Research Article: Developing a dynamic HIV transmission model for 6 U.S. cities: An evidence synthesis

Date Published: May 30, 2019

Publisher: Public Library of Science

Author(s): Emanuel Krebs, Benjamin Enns, Linwei Wang, Xiao Zang, Dimitra Panagiotoglou, Carlos Del Rio, Julia Dombrowski, Daniel J. Feaster, Matthew Golden, Reuben Granich, Brandon Marshall, Shruti H. Mehta, Lisa Metsch, Bruce R. Schackman, Steffanie A. Strathdee, Bohdan Nosyk, Lauren Cipriano.


Dynamic HIV transmission models can provide evidence-based guidance on optimal combination implementation strategies to treat and prevent HIV/AIDS. However, these models can be extremely data intensive, and the availability of good-quality data characterizing regional microepidemics varies substantially within and across countries.

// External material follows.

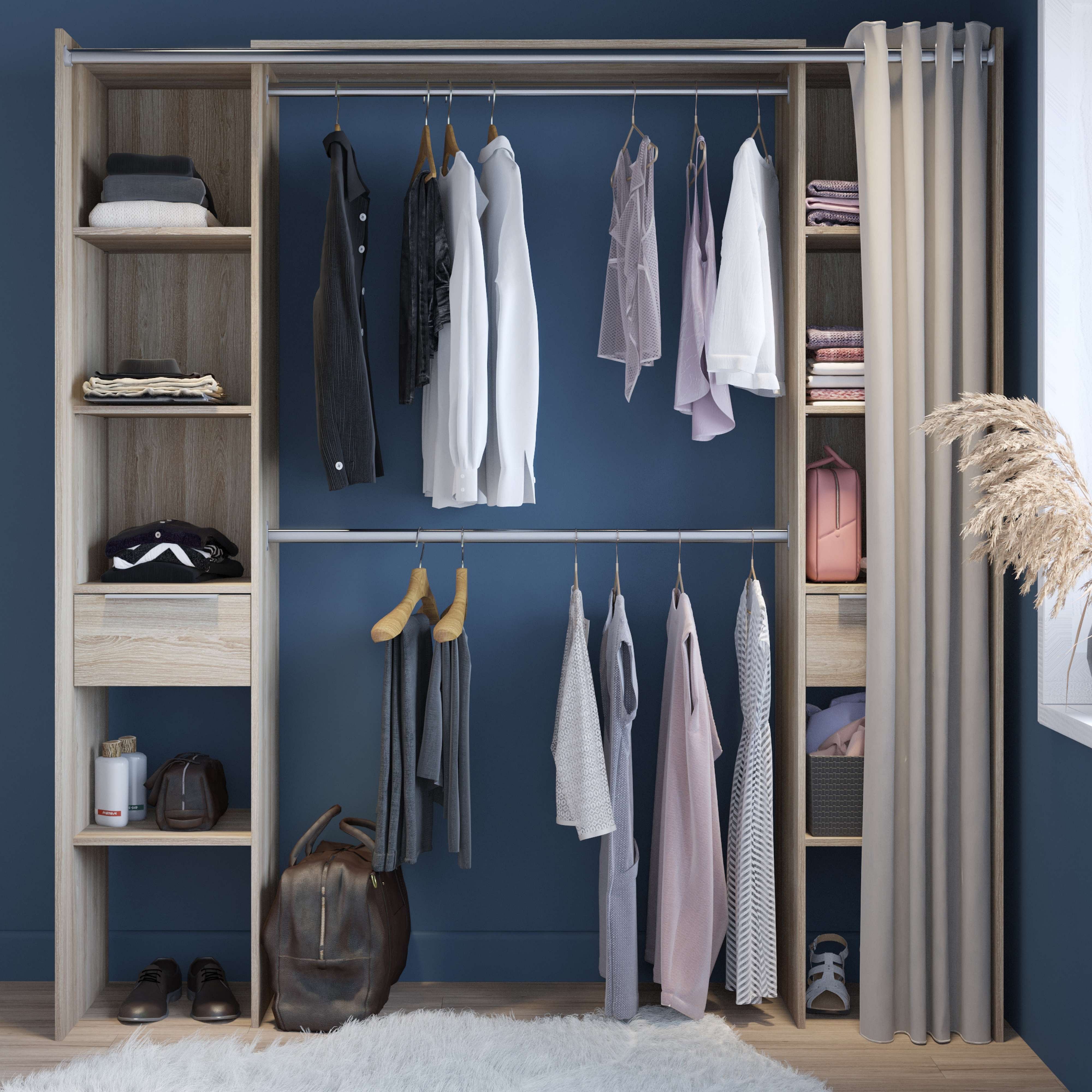 Armario 2 barras colgadoras 4 estantes 2 cajones 205x185x44 cm

We aim to provide a comprehensive and transparent description of an evidence synthesis process and reporting framework employed to populate and calibrate a dynamic, compartmental HIV transmission model for six US cities.

We executed a mixed-method evidence synthesis strategy to populate model parameters in six categories: (i) initial HIV-negative and HIV-infected populations; (ii) parameters used to calculate the probability of HIV transmission; (iii) screening, diagnosis, treatment and HIV disease progression; (iv) HIV prevention programs; (v) the costs of medical care; and (vi) health utility weights for each stage of HIV disease progression. We identified parameters that required city-specific data and stratification by gender, risk group and race/ethnicity a priori and sought out databases for primary analysis to augment our evidence synthesis. We ranked the quality of each parameter using context- and domain-specific criteria and verified sources and assumptions with our scientific advisory committee.

To inform the 1,667 parameters needed to populate our model, we synthesized evidence from 59 peer-reviewed publications and 24 public health and surveillance reports and executed primary analyses using 11 data sets. Of these 1,667 parameters, 1,517 (91%) were city-specific and 150 (9%) were common for all cities. Notably, 1,074 (64%), 201 (12%) and 312 (19%) parameters corresponded to categories (i), (ii) and (iii), respectively. Parameters ranked as best- to moderate-quality evidence comprised 39% of the common parameters and ranged from 56%-60% across cities for the city-specific parameters. We identified variation in parameter values across cities as well as within cities across risk and race/ethnic groups.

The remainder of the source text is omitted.